The network comprises five sequential 3D convolutional blocks with increasing channel sizes (1, 16, 32, 64, 128, 256), each followed by BatchNorm3d, ReLU, and MaxPool3d (kernel size (1,2,2)). The classification head includes dropout, global average pooling, and a fully connected layer. Focal loss is employed to address class imbalance, with AdamW optimizer and early stopping for regularization. The design prioritizes minimal parameter count and efficient inference, with optional self-attention for enhanced feature representation.

Training Strategy

Training is conducted on an NVIDIA RTX 3090 Ti GPU, with batch size 32, learning rate 0.0009, and early stopping based on F1 score improvements. Data augmentation is applied to underrepresented classes using random flips, rotations, affine transforms, and Gaussian blur.

Experimental Results

The proposed model achieves a test accuracy of 94.17% and an F1-score of 0.9415, outperforming benchmark 3D-CNN architectures (C3D, ResNet3D, MC3_18) by up to 3%. The best validation F1-score is 0.9409, indicating strong generalization. Training time is 322 minutes, shorter than two of the three baselines. Figure 1

Figure 1: Training and validation loss graphs for the proposed method, demonstrating stable convergence and absence of overfitting.

The confusion matrix reveals high true positive rates across all classes, with minor misclassifications concentrated among visually or temporally similar activities.

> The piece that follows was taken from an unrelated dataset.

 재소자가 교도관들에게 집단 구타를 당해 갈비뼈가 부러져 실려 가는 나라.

Figure 2

Figure 2: Confusion matrix for the proposed method, showing strong per-class accuracy and minimal misclassification.

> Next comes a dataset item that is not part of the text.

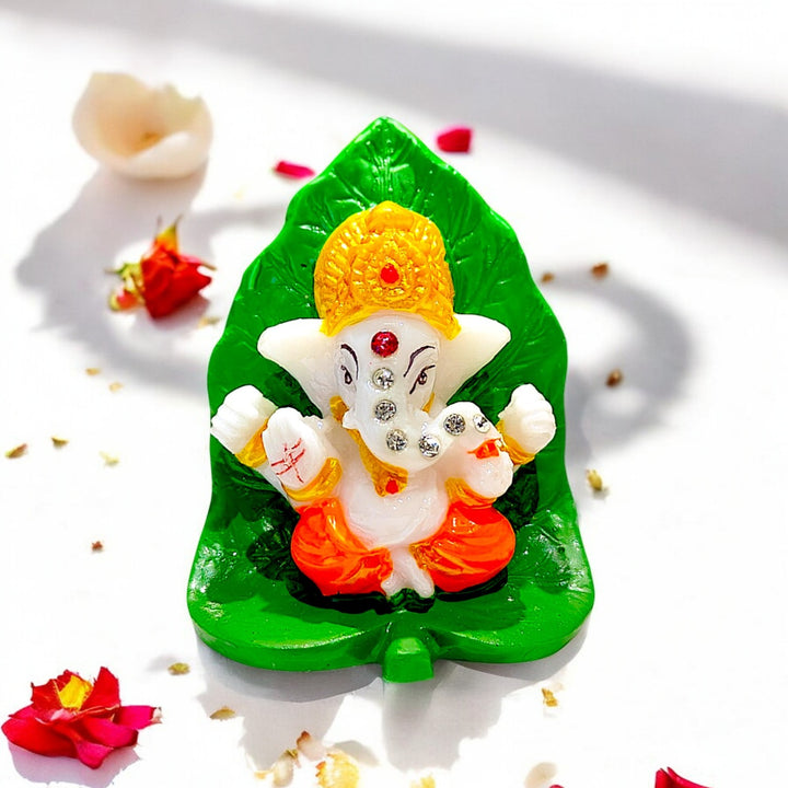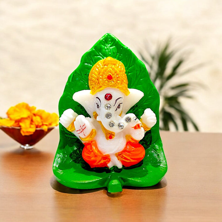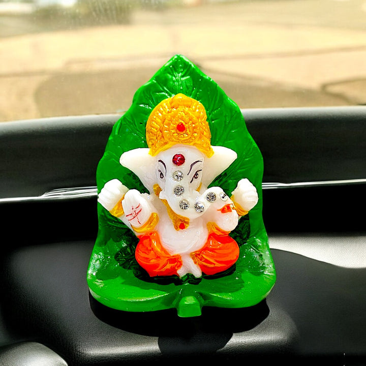 ✨ Vibrant & Auspicious Design: Features a charming, colorful Ganesha idol seated on a vibrant green leaf base, adding a pop of spiritual energy and aesthetic appeal to your vehicle's interior.

Comparison with Baseline Models

The proposed method is benchmarked against C3D, ResNet3D, and MC3_18, with input layers modified for single-channel event data. All models are retrained from scratch for fair comparison. The proposed network outperforms all baselines in F1-score, accuracy, and validation loss, with competitive training time. Figure 3

Figure 3

Figure 3

Figure 3

Figure 3: C3D architecture, illustrating the homogeneous 3D convolutional stack used for baseline comparison.

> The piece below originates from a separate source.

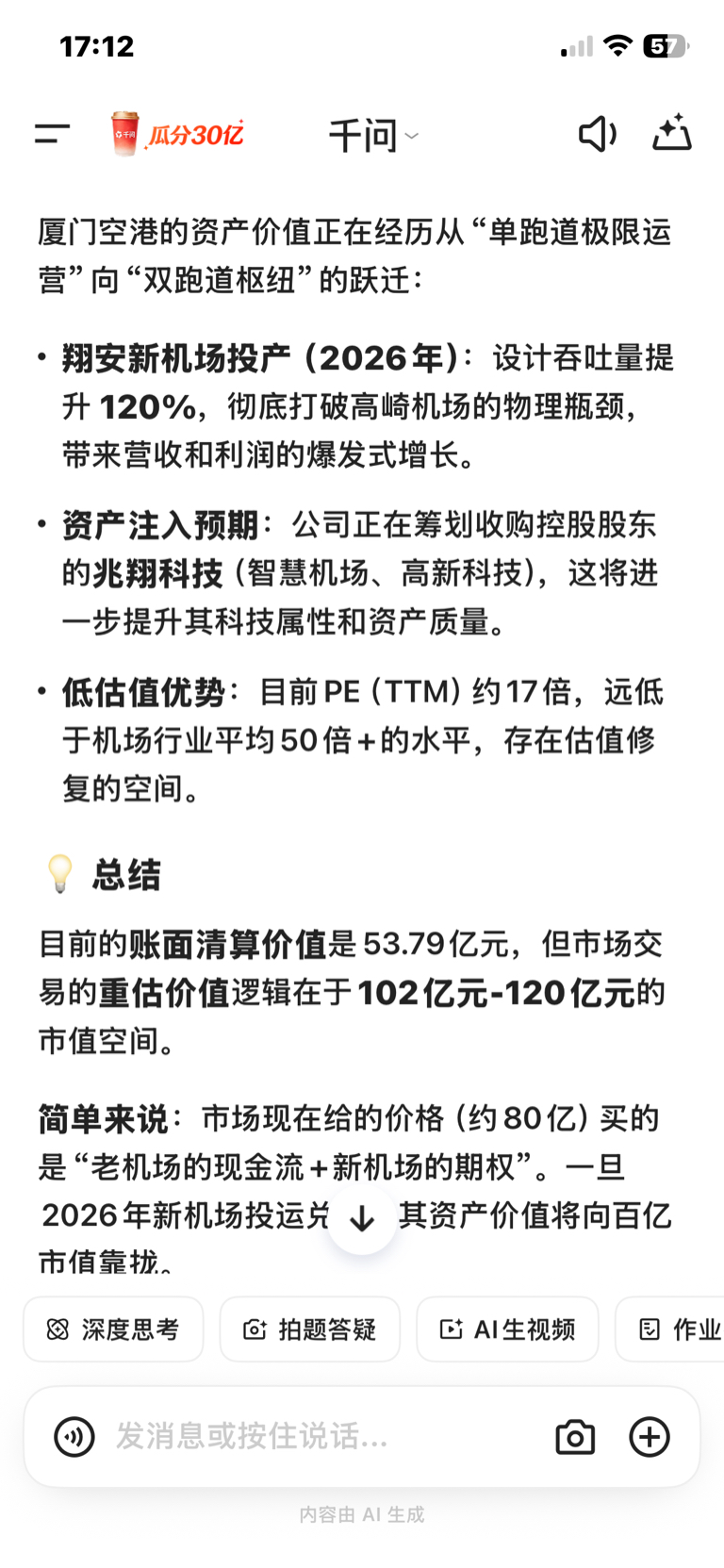 $厦门空港(SH600897)$ 千问说的

Confusion matrices for all models show the proposed method achieves the highest diagonal values, indicating superior classification performance.

Ablation Studies

Network size and frame rate are varied to assess their impact on performance. Halving the channel size results in a 4% drop in accuracy and F1-score, while doubling the size yields no improvement and increases training cost. Reducing the frame rate to 5 frames per video decreases accuracy to 89.33%, while increasing to 20 frames per video reduces accuracy by 2% and increases training time. The original configuration (10 frames, standard channel size) achieves optimal performance.

Strengths and Limitations

Strengths:

  • Efficient spatiotemporal modeling with a compact 3D-CNN architecture.
  • Effective handling of class imbalance via focal loss and targeted augmentation.
  • Inherent privacy-preserving characteristics due to event-based input.

Limitations:

  • Performance degrades under extreme class imbalance.
  • Subtle or overlapping motion patterns remain challenging.
  • Marginal gains from self-attention; transformer models limited by computational resources.

Implications and Future Directions

The results demonstrate that lightweight 3D-CNNs can achieve high accuracy and generalization for event-based HAR, with significant privacy-preserving potential. The approach is well-suited for edge deployment in healthcare, surveillance, and smart environments. Future work should explore advanced attention mechanisms, end-to-end event-stream processing (e.g., SNNs), and adaptive temporal resolution strategies to further enhance accuracy and efficiency.

Conclusion

This work presents a resource-efficient, privacy-preserving solution for human action recognition using event-based vision data. The proposed lightweight 3D-CNN outperforms established baselines in accuracy and generalization, with a design optimized for edge deployment. The methodology addresses key challenges in HAR, including privacy, class imbalance, and computational efficiency. Future research should focus on integrating advanced temporal modeling and expanding event-based datasets to further improve performance and applicability.